Fidelity has now come to the table with FREE investing. Free. With no minimums, no commissions, no annual fees, and no account maintenance fees. Free. They offer two funds. Did I mention they are both free?
FZROX is a total market index fund, meaning it tracks the CRSP US Total Market Index which is 4,000 stocks across mega, large, small and micro capitalizations. This mix is weighted by market cap and essentially represents 100% of the U.S. investable equity market, from the top down. Your top-10 holdings in this fund will be Apple, Microsoft, Amazon, Facebook, JPMorgan, Exxon, Google, Johnson & Johnson, Bank of America, and Wells Fargo.
The other fund offered is FZILX which is an International equity index fund tracking the FTSE Global All Cap ex-US Index. This index represents the performance of approximately 5,350 large, mid and small cap companies in 46 developed countries, excluding the USA. Your top-10 holdings in this fund will be Tencent, Nestle, Alibaba, Samsung, Taiwan Semiconductor, HSBC, Novartis, Roche, and Toyota.

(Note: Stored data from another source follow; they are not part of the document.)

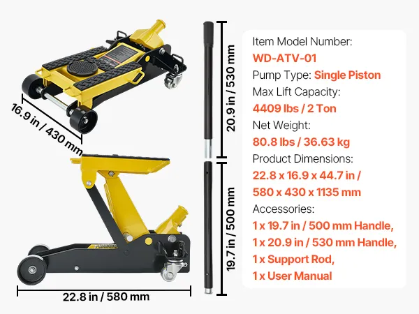 Der Wagenheber arbeitet leichtgängig und bietet einen weiten Hubbereich. Dank der flachen Bauweise lässt er sich mühelos unter Fahrzeuge schieben und hebt sie auf eine komfortable Höhe für Reparatur- und Wartungsarbeiten.
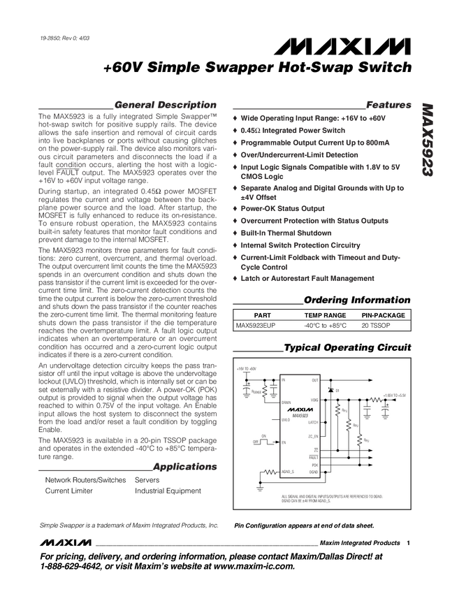 MAX5923 +60V Simple Swapper Hot-Swap Switch
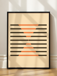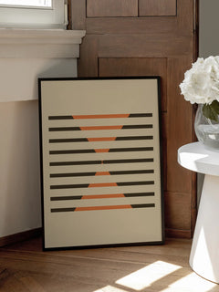 Diese grafische Illustration zeigt ein modernes Design mit schwarzen und orangefarbenen Streifen und Dreiecken auf einem beigen Hintergrund. Die geometrischen Formen und der Kontrast der Farben verleihen dem Bild eine dynamische und zeitgenössische Ausstrahlung. Ideal, um jedem Raum einen modernen und stilvollen Touch zu verleihen.

In total, between these two funds, you’ll own stock in 9,350 companies across most every developed nation on the planet. I don’t know if it gets any more diversified than that when it comes to stock holdings – unless Mark Watney is selling stock in his potato farm on Mars.
I played around with a portfolio modeler I like and found that a ratio 55% FZROX to 45% FZILX would provide for maximum diversification. These 2 funds in this 55/45 ratio would essentially track the global stock market. Over the past 18 years, using their tracking indexes, I show this mix performing within .1% of the S&P500. In a best/worst year comparison, this mix would beat/lag the S&P500 by +/- 3% in the same 18 year time frame. Not bad.
A Free Ride:
We’ve come a long way from the first mutual fund that hit the market back in the early ’70s with an 8% front-end load, and we’ve finally evolved from simple funds that charge you 1.5% to lag the market by 1.5% while their fund managers sip champagne and snort caviar in the Hamptons summer home purchased with your money. For the first time ever you can now take a free ride on the stock market super-highway.
Up until now the cheapest index fund I knew of was Schwab’s SWPPX @ 0.03%. That’s well within the tracking error of an index fund, so it’s not worth me moving out of it, but hey – a 0.0% annual fee is pretty, pretty good… Get on this!
Get on the Move:
If you’re looking for free, “set it and forget” investing, set these funds up at Fidelity, auto-draft into them on a bi-weekly basis, and and enjoy your future gains at no charge…
Cheers – and thanks for reading!
Disclaimer – I work for Apple and own Apple stock. I mention the company here merely as a component of the index and not as a recommendation to buy, sell, or otherwise invest in the company.